Updated on 2026-05-20 GMT+08:00

MRS HBase data source

The data integration service supports MRS HBase 1.x and 2.x, meeting data synchronization requirements of different users in different deployment environments.

Preparation and Constraints

  • Network requirements

    The MRS HBase data source must communicate with the CDM network to ensure smooth data transmission. For details, see Enabling Network Connectivity.

  • Required permissions
    • Read permission: To read data from HBase, you need to assign the read-only permission of HBase to the IAM user or user group of the data integration service, for example, the MRS ReadOnlyAccess system policy. Alternatively, you can create a custom policy as required to assign the read-related permissions such as SELECT to the user or user group.
    • Write permission: To write data to HBase, in addition to the preceding OBS permissions, you need to grant the IAM user or user group of the data integration service the HBase write permission, for example, the MRS CommonOperations or MRS FullAccess system policy. You can also create a custom policy, grants write-related permissions, such as INSERT INTO TABLE and CREATE TABLE.
  • Access port: The bound ports vary depending on the MRS version. For details, see Common Ports for MRS Cluster Services.
    Table 1 Service ports

    Service

    Port

    Port Number

    Usage

    MRS Manager

    TCP

    28443

    Download the cluster configuration.

    TCP

    20009

    CAS authentication.

    TCP

    20029

    Internal communication of Manager.

    KDC

    TCP&UDP

    21730

    21731

    21732

    Kerberos Authentication

    HDFS

    TCP

    8020

    HDFS NameNode service port

    TCP

    9866

    HDFS dataNode service port

    HBase

    TCP

    16000

    HBase Master RPC port.

    TCP

    16020

    HBase RegionServer RPC port.

    ZooKeeper

    TCP

    2181

    ZooKeeper service port used for communications between the client and ZooKeeper cluster

Supported Migration Scenarios

DataArts Migration supports the following offline synchronization modes:

  • Single table synchronization

    DataArts Migration supports table/file synchronization in data ingestion into a data lake or data migration to the cloud.

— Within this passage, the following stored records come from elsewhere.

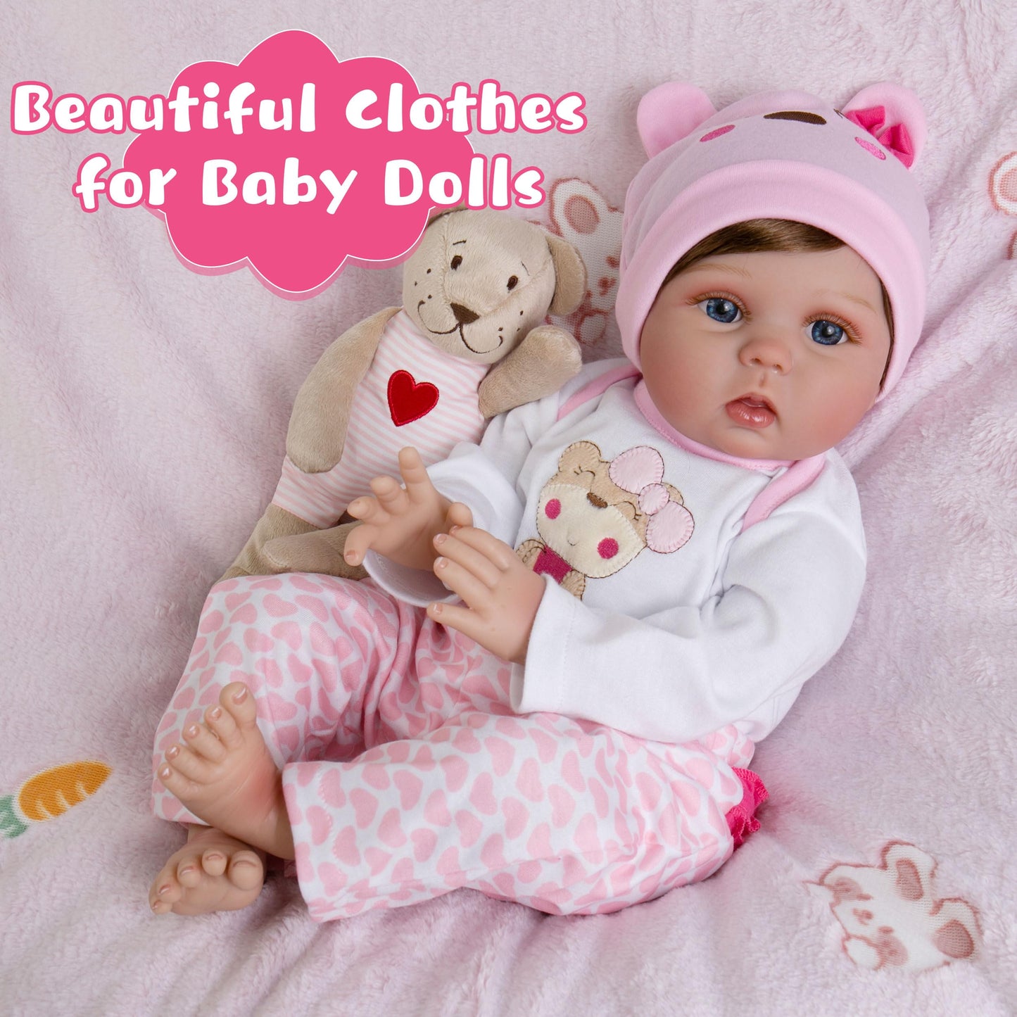 Ekokiz Reborn Baby Dolls Clothes Girl Cute Bear Pattern Baby Clothes For 17-22 Inches Realistic Newborn Baby Dolls Baby Girls' C
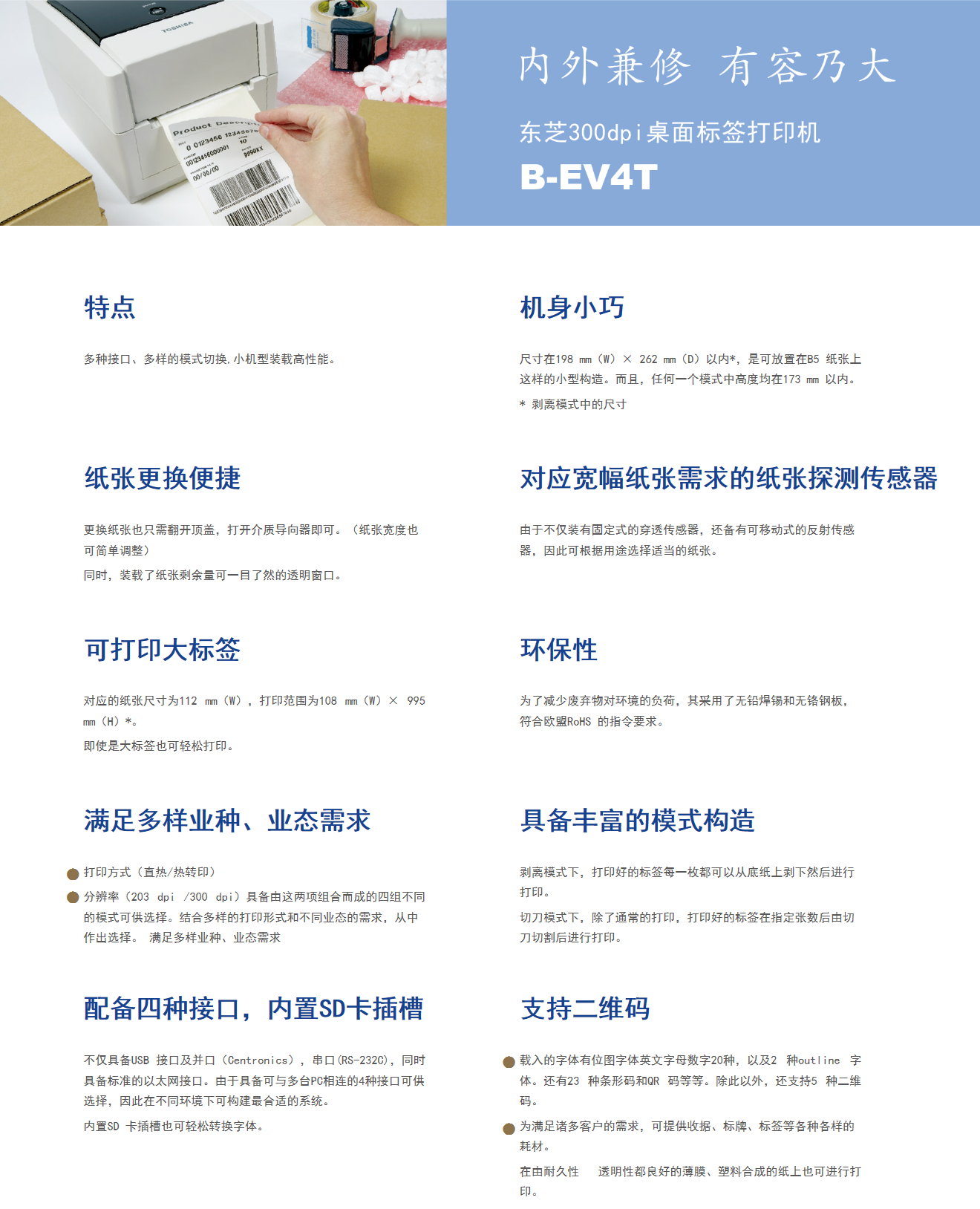 東芝B-EV4能夠直接、快速從您的PC桌面按需打印標(biāo)簽和票務(wù)信息,緊湊型專業(yè)標(biāo)簽打印功能,讓您在一個按鈕的觸碰下,便能輕松地生產(chǎn)專業(yè)標(biāo)簽。203 或300 dpi 打印分辨率機型同時,具備SD卡插槽擴展的功能,分辨率203dpi或300dpi能滿足多樣化的打印需求。
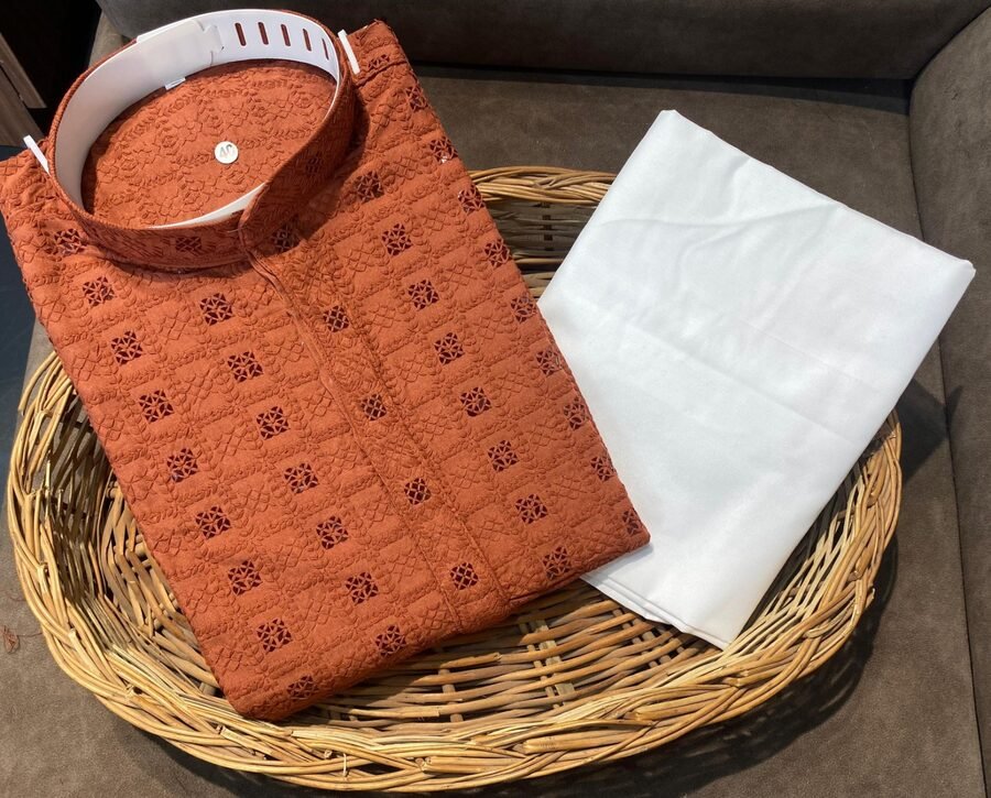 MODERN RAYON EMBROIDERY WORK MEN’S KURTA PAYJAMA COFFEE

  • Database and table shard synchronization

    DataArts Migration supports synchronization of data from multiple databases and tables in data ingestion into a data lake or data migration to the cloud.

  • Entire DB migration

    DataArts Migrations supports synchronization of data from an on-premises database in data ingestion into a data lake or data migration to the cloud.

Database and table shard synchronization and entire DB migration are not supported in all regions. The following table lists the migration scenarios supported by MRS HBase.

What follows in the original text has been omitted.